Your copy of the data should match it exactly, leaving out only the pictures.

Dataset excerpt:
----

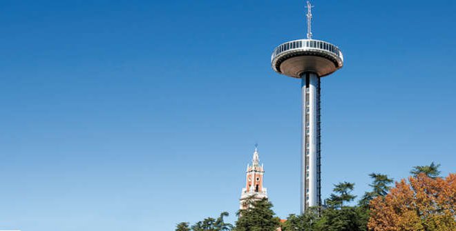 Panoramaelevatoren, der fører den besøgende 92 meter op til udsigtspunktet i Moncloa Fyrtårnet, står i hjertet af universitetsbyen i Madrid. Selve tårnet er 110 meter højt og blev bygget i 1992; året hvor byen blev udpeget som Europæisk Kulturhovedstad.
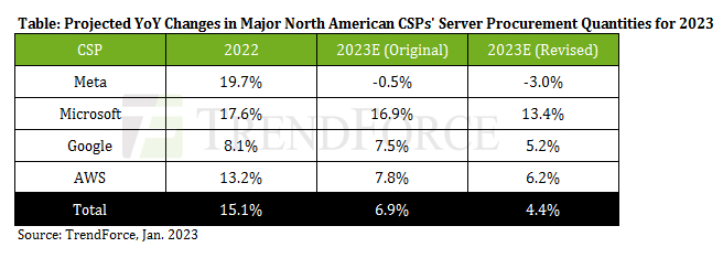 이 업체는 지난해 10월 전 세계 서버시장 규모가 전년 대비 3.7% 성장할 것이라는 예상치를 내놨다가 한 달만에 2.8% 하향 조정했는데 또다시 전망치를 낮춘 것이다. 트렌드포스는 "글로벌 경제 역풍에 직면한 4개의 주요 북미 클라우드 서비스 공급자(CSP)는 2023년 서버 조달 물량을 축소했다"고 밝혔다.
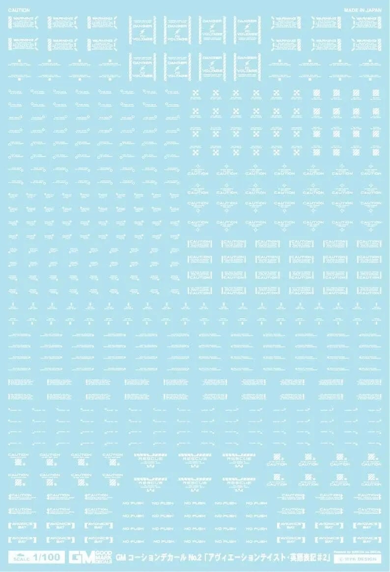MYKデザイン GM-005 1/100 GMコーションデカールNo.2「アヴィエーションテイスト・英語表記#2」ホワイト
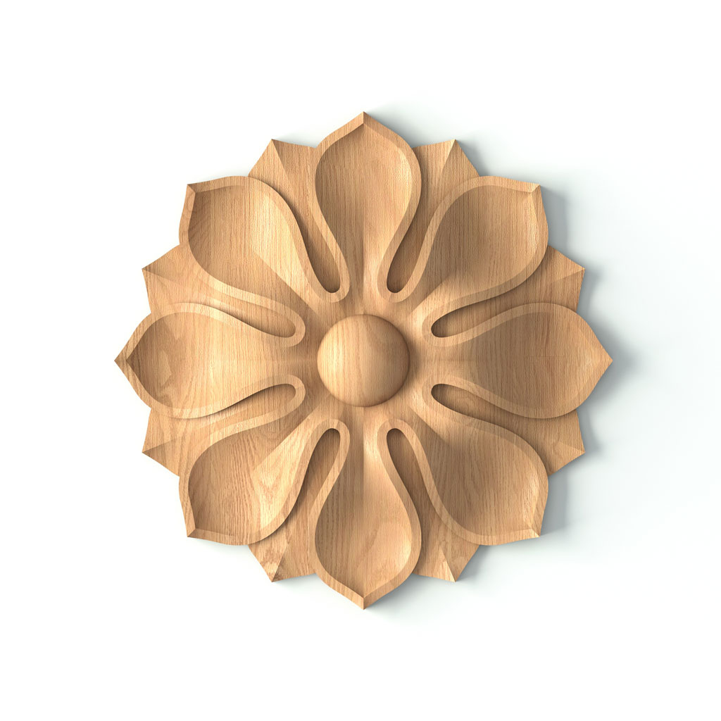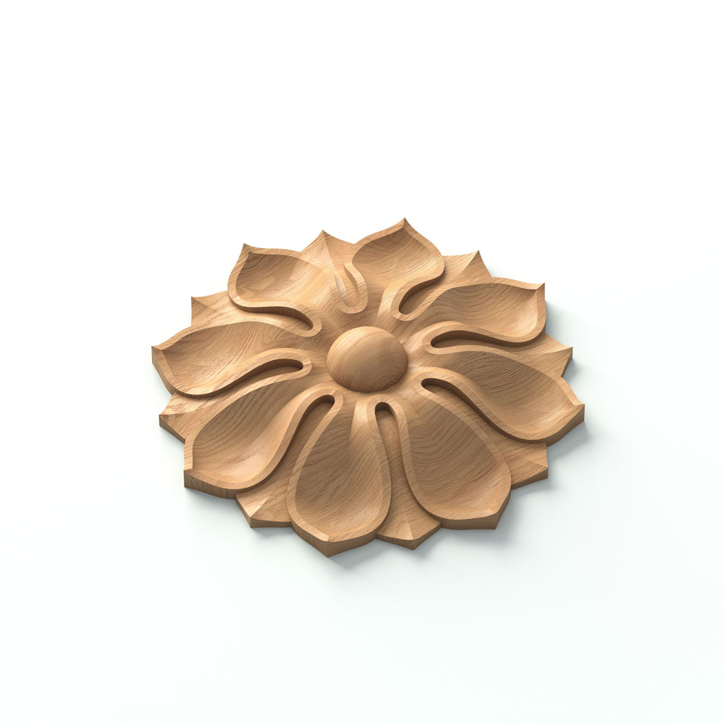 Relief decorative rosette R-002 in the shape of a flower — a beautiful accent for furniture and interior. The minimalist design allows combining decor with any style, creating focal points in minimalist interiors or complementing carved compositions. The model is available in miniature and medium sizes. Carved rosettes R-002 are suitable for decorating facades, doors, cabinets, sofas, ceilings, wall panels, stair posts, pilasters, as well as children's furniture. Some sizes are available in stock.

----

Response area:
 Panoramaelevatoren, der fører den besøgende 92 meter op til udsigtspunktet i Moncloa Fyrtårnet, står i hjertet af universitetsbyen i Madrid. Selve tårnet er 110 meter højt og blev bygget i 1992; året hvor byen blev udpeget som Europæisk Kulturhovedstad.
 이 업체는 지난해 10월 전 세계 서버시장 규모가 전년 대비 3.7% 성장할 것이라는 예상치를 내놨다가 한 달만에 2.8% 하향 조정했는데 또다시 전망치를 낮춘 것이다. 트렌드포스는 "글로벌 경제 역풍에 직면한 4개의 주요 북미 클라우드 서비스 공급자(CSP)는 2023년 서버 조달 물량을 축소했다"고 밝혔다.
MYKデザイン GM-005 1/100 GMコーションデカールNo.2「アヴィエーションテイスト・英語表記#2」ホワイト
 Relief decorative rosette R-002 in the shape of a flower — a beautiful accent for furniture and interior. The minimalist design allows combining decor with any style, creating focal points in minimalist interiors or complementing carved compositions. The model is available in miniature and medium sizes. Carved rosettes R-002 are suitable for decorating facades, doors, cabinets, sofas, ceilings, wall panels, stair posts, pilasters, as well as children's furniture. Some sizes are available in stock.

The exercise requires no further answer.